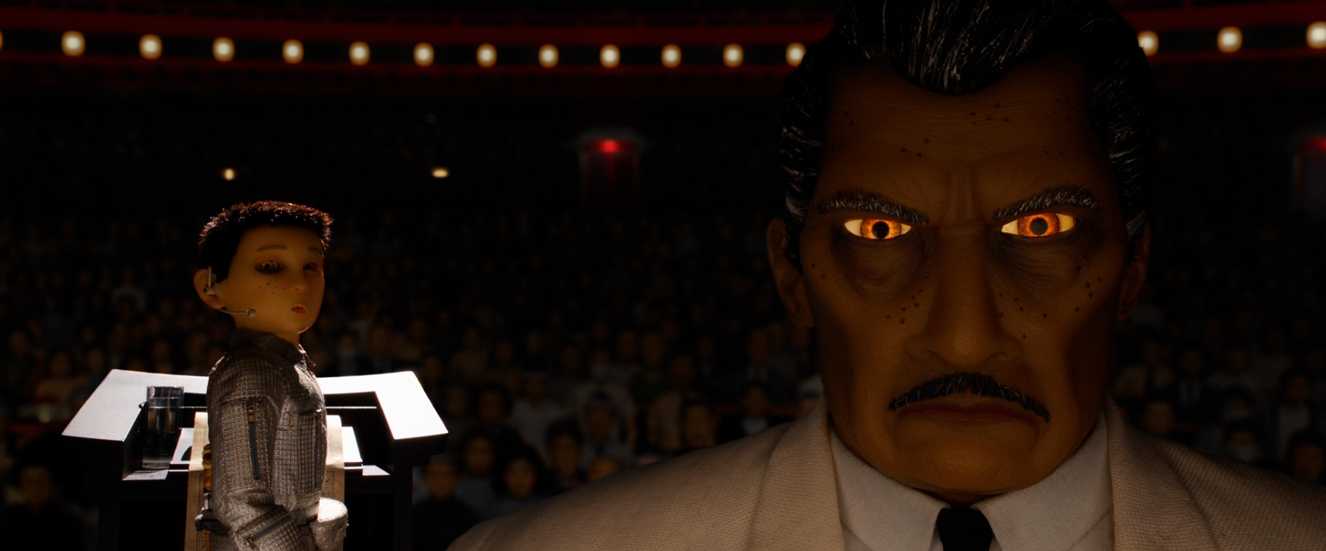 Люди в картине больше похожи на рисунки - посмотрите на какое-то кривоватое и недоделанное лицо мальчика Атари, картонно-каменные физиономии Кобаяши и его мажордома, лубочную физиономию студентки-американки Трейси (Грета Гервиг), возглавившей "Ла Резистанс".
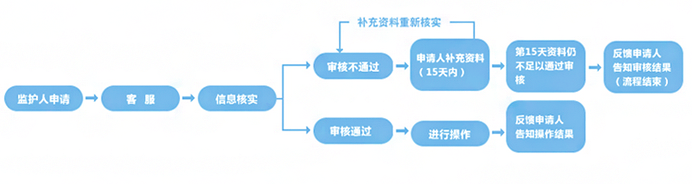 监护人需要亲自通过邮寄、传真、上门方式向我司提供申请需提交材料,向久焱网提出未成年人账户监控的申请。
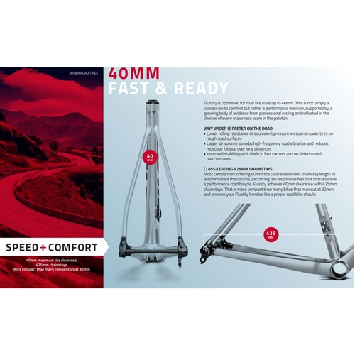 - Fluidity is optimised for road tire sizes up to 40mm. This is not simply a concession to comfort but rather a performance decision, supported by a growing body of evidence from professional cycling and reflected in the choices of every major race team in the peloton.
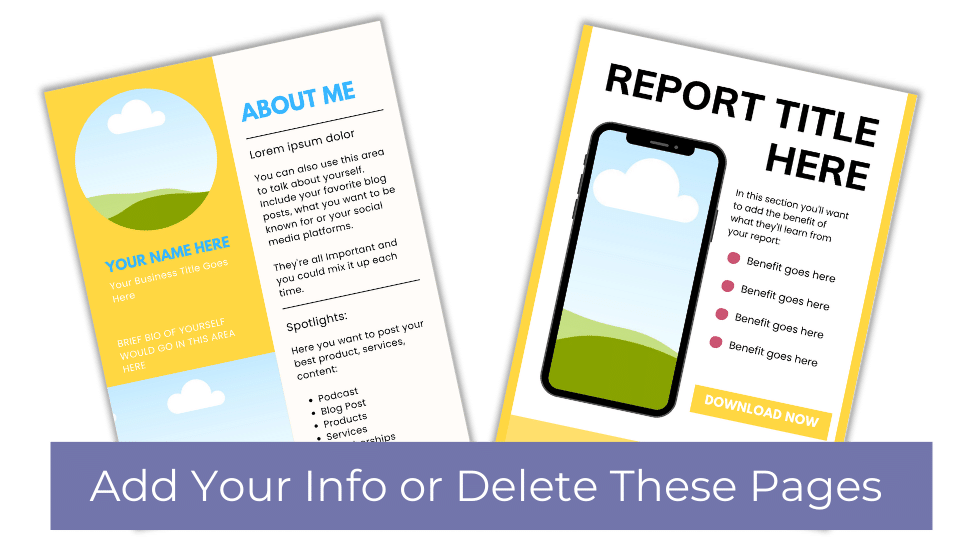 Inside the Canva Challenge, you'll notice two pages where you can add your own information. These include the Copyright page, the author page, and a call to action page. If you don't want to use these - make sure you delete them before you create a PDF for your audience.
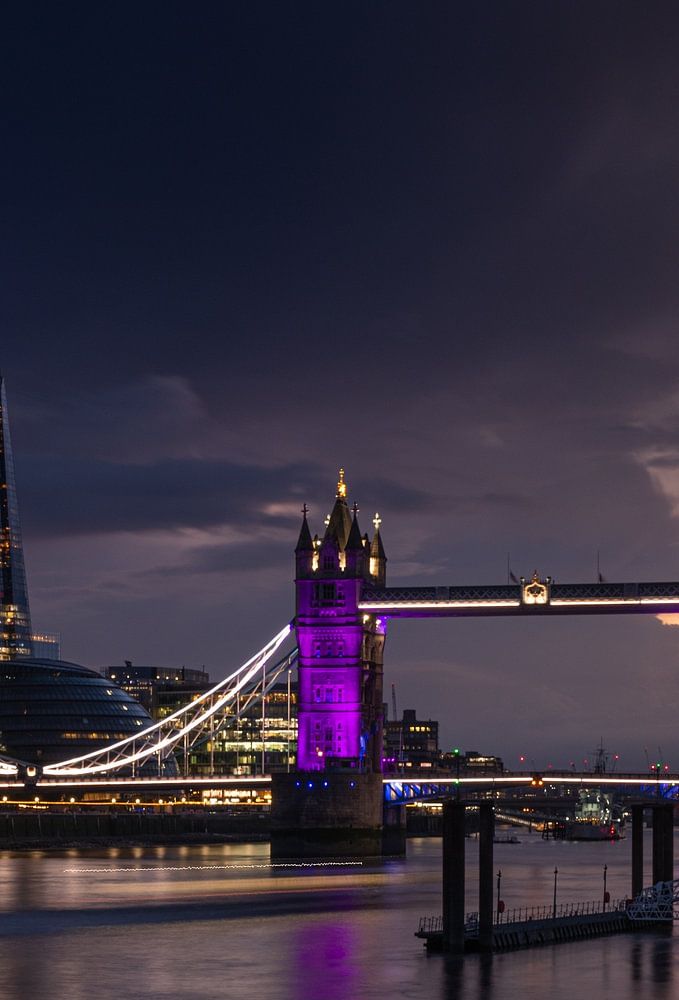 I arrived in London on the day Queen Elisabeth died, I saw the flag fly at half mast as I was shooting in the Westminster area. This is the day after, when many buildings were not lit - because of national mourning I guess - and a number were, but in Royal purple. Like Tower Bridge and the top of The Shard.
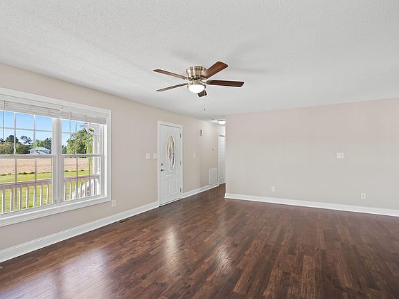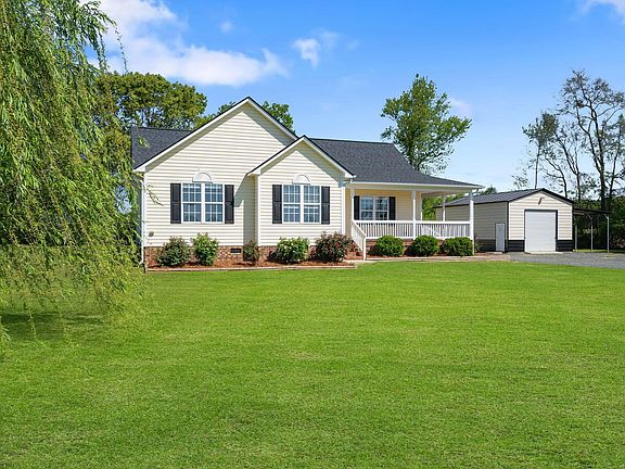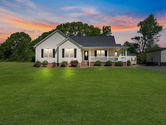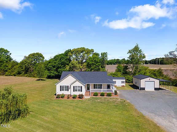 Experience true country living on this beautiful 2.19+/-acre open lot, overlooking picturesque fields! This charming ranch home features a welcoming corner wrap-around front porch and a spacious back deck—perfect for relaxing or entertaining. Step inside to find fresh paint throughout, an open floor plan with a cozy living room fireplace, and a stylish kitchen complete with custom cabinetry and stainless steel appliances. The oversized primary suite offers a nice retreat with a large stand-up shower and an indulgent soaking tub. Outside, enjoy a massive detached garage with a carport, plus an additional storage building—both equipped with electricity. This one checks all the boxes for peaceful country charm with all the modern conveniences!
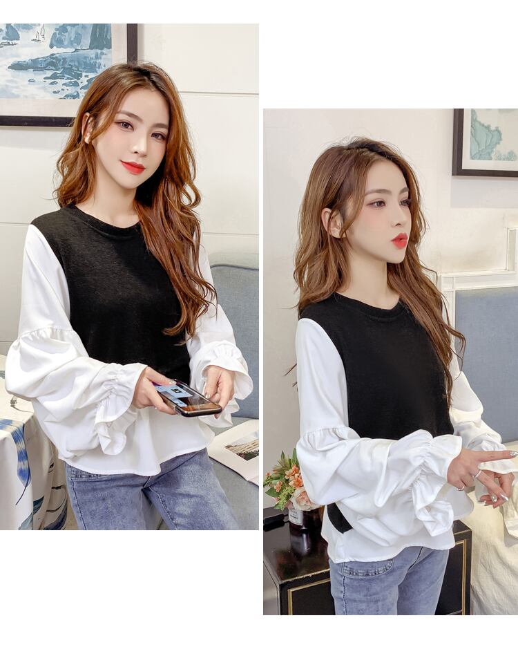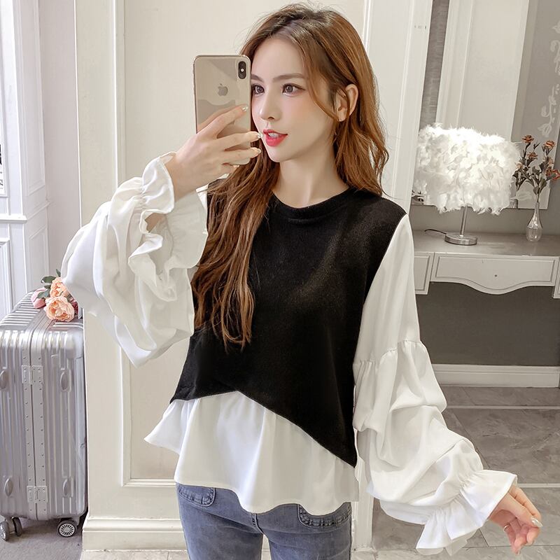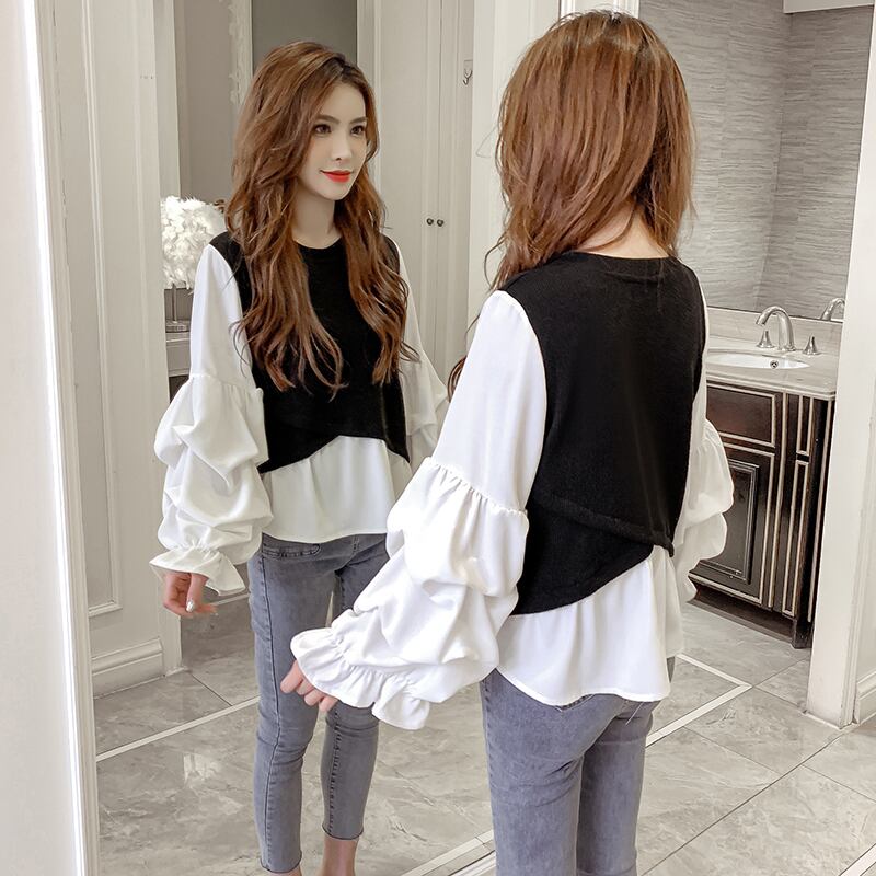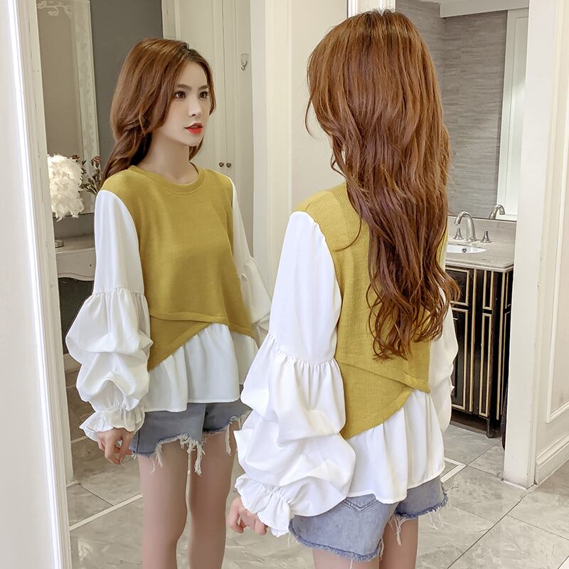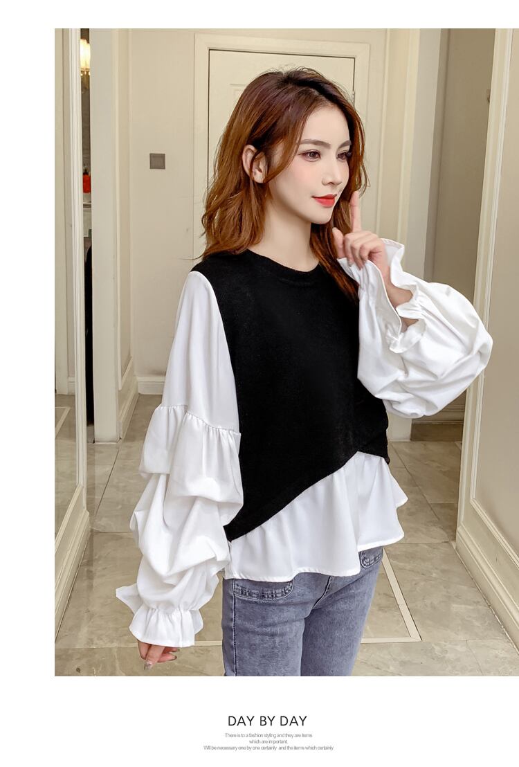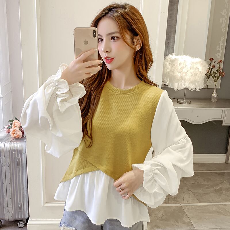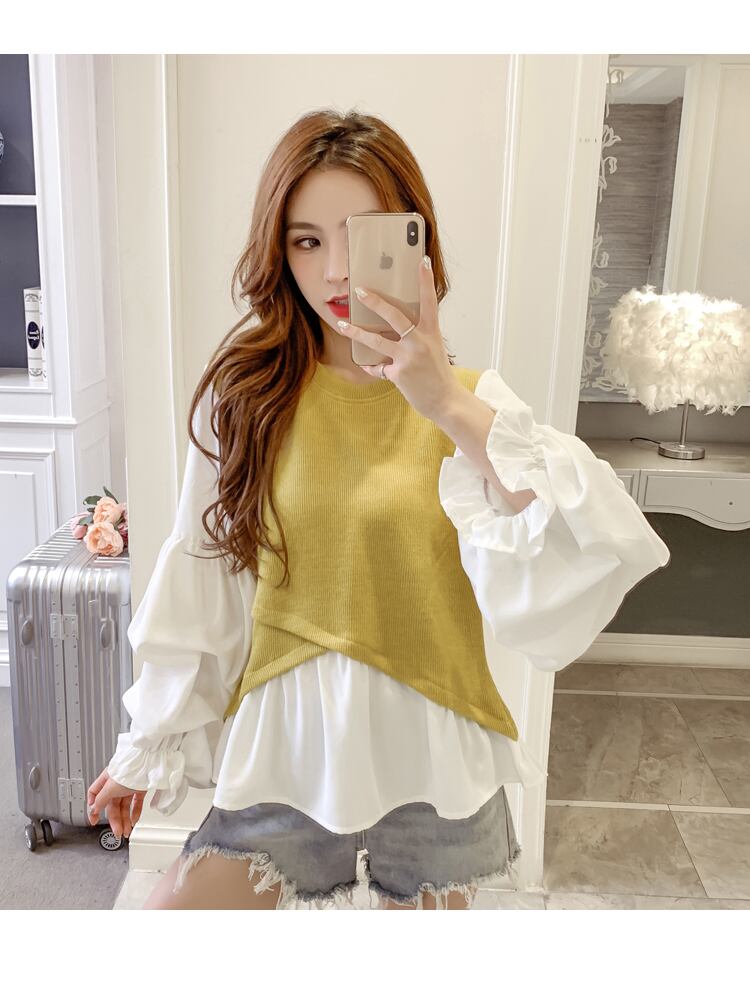 【tops】韓国ファッション早秋新作ラウンドネック長袖パフ袖偽二つ切り替えニットブラウスF0743

BRIEF:
Write out exactly the lines above between the one with "监护人需要亲自通过邮寄、传真" and the one with "I arrived in", inclusive, with pictures left out.

EXERCISE SOLUTION:
 监护人需要亲自通过邮寄、传真、上门方式向我司提供申请需提交材料,向久焱网提出未成年人账户监控的申请。
 - Fluidity is optimised for road tire sizes up to 40mm. This is not simply a concession to comfort but rather a performance decision, supported by a growing body of evidence from professional cycling and reflected in the choices of every major race team in the peloton.
 Inside the Canva Challenge, you'll notice two pages where you can add your own information. These include the Copyright page, the author page, and a call to action page. If you don't want to use these - make sure you delete them before you create a PDF for your audience.
 I arrived in London on the day Queen Elisabeth died, I saw the flag fly at half mast as I was shooting in the Westminster area. This is the day after, when many buildings were not lit - because of national mourning I guess - and a number were, but in Royal purple. Like Tower Bridge and the top of The Shard.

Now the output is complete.